Tag Archives: New York Times Bestseller

Fourth of July Creek: The Unexpected Delight of Rural Montana

Rural Montana Storm Clouds

With a name like Smith Henderson, you’re probably thinking, this author is mixed up. He has a last name for a first name. How could he possibly write a compelling, gripping and fascinating novel about rural Montana in 1980? Probably he made up the name Smith Henderson to sound more rugged. Whatever. It works. Fourth of July Creek is a brilliant novel.

The novel opens with Pete Snow, a social worker, arriving at the home of one of his clients. Pete’s initial characterization as a man who cares deeply about the welfare of children remains consistent throughout the novel. What changes is the initial impression of him as a wholesome, got-his-shit-together-even-if-no-one-else does man. As the novel unfolds we explore the complexities of Pete’s past, his fraught relationship with his ex-wife and daughter, the degree to which we are all in need of some kind of support, even (and perhaps especially) those in care-giving roles.

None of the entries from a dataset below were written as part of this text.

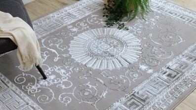 Szary dywan z eleganckim złotym wzorem, który nada salonowi wyrafinowany charakter.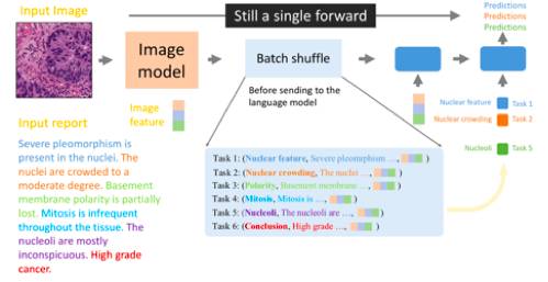 因为医学诊断报告比较长并且表述了多个图像特征,我们将整个报告的拟合转化为多个特征描述句的并行拟合(用 Batch shuffle 在训练时完成),即让一个 LSTM 前馈只专注于一种特征描述。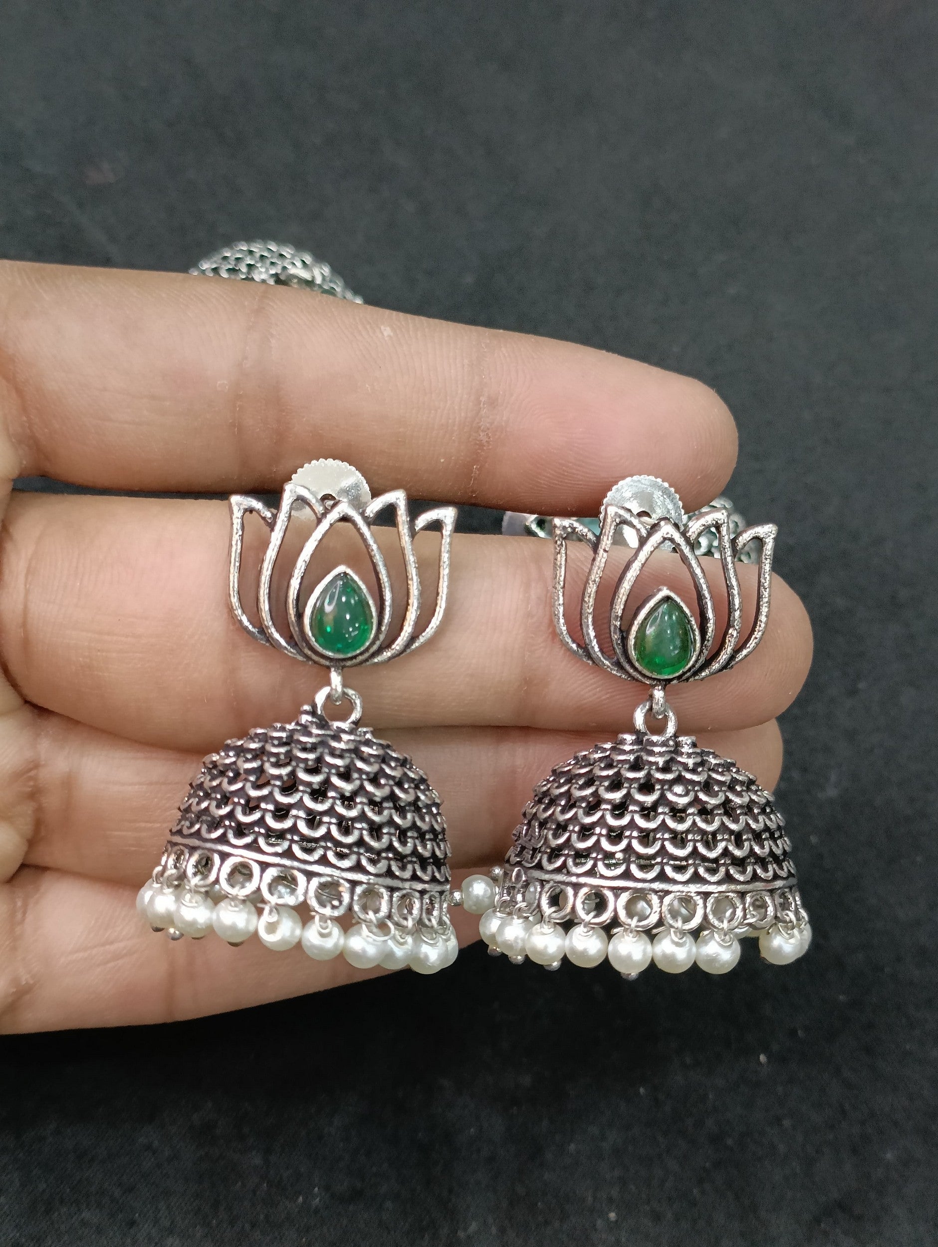 Lotus Shaped Oxidised Jhumkas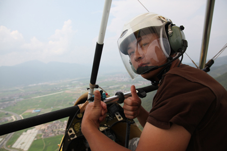 很小的时候,王强就迷上了蓝天,憧憬着有朝一日能自由翱翔在蓝天。很多人都有这样的童年梦想,但随着成长往往淡漠遗忘。王强说,自己非常幸运,有一位眼界开阔、知识面广、动手能力强的爷爷,一直鼓励他挖掘潜力,追求梦想。“机械世家”的遗传基因,加上自己的强烈热爱,令王强在爷爷的谆谆教诲中、手把手的教授下不断成长,初、高中时期每一次小发明小创作他都稳拿冠军。高二时,他通过看书、看视频,买回一堆铝合金、摩托车发动机、摩托车轮胎等零部件,自己摸索着组装、钻孔、焊接、上油漆等,用几个月时间终于做出了自己的第一架“飞机”。由于理论知识不足,材质和技术不过关,飞机发动后只能在地上滑行,始终无法起飞。不甘心的王强又先后做了两架飞机,还是没能飞上蓝天。“我一定能飞上蓝天!”倔强的王强在心中立下了美好的誓言。

You’re thinking *yawn* we don’t care about another fascinating character study, E. Well, fine. Fourth of July Creek just happens to also have a fascinating plot delivered through detailed, show-don’t-tell description in a realist fashion that somehow leaves room for experiment and play (thinking specifically here of the chapters with Rachel and… discuss). So what do we have? A libertarian/fundamentalist family living in the mountains. Threats on the president. Crime. The chance to save them all. The slow and steady build to a climax of sweeping proportions. A deep care for the characters involved.

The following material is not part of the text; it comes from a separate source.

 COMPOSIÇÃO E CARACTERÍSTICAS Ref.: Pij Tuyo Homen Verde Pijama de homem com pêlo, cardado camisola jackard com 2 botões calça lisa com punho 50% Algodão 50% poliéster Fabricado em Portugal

Arg. It’s just so unexpectedly good. I really thought setting out that I wasn’t interested. But heck but if this isn’t why we read fiction I don’t know what is: I don’t have to have (or think I have) any relationship to the plot/character/setting/ideas of the novel in order to be utterly absorbed and enriched. So for what it’s worth, Smith Henderson, you have a silly name, but an incredible first novel.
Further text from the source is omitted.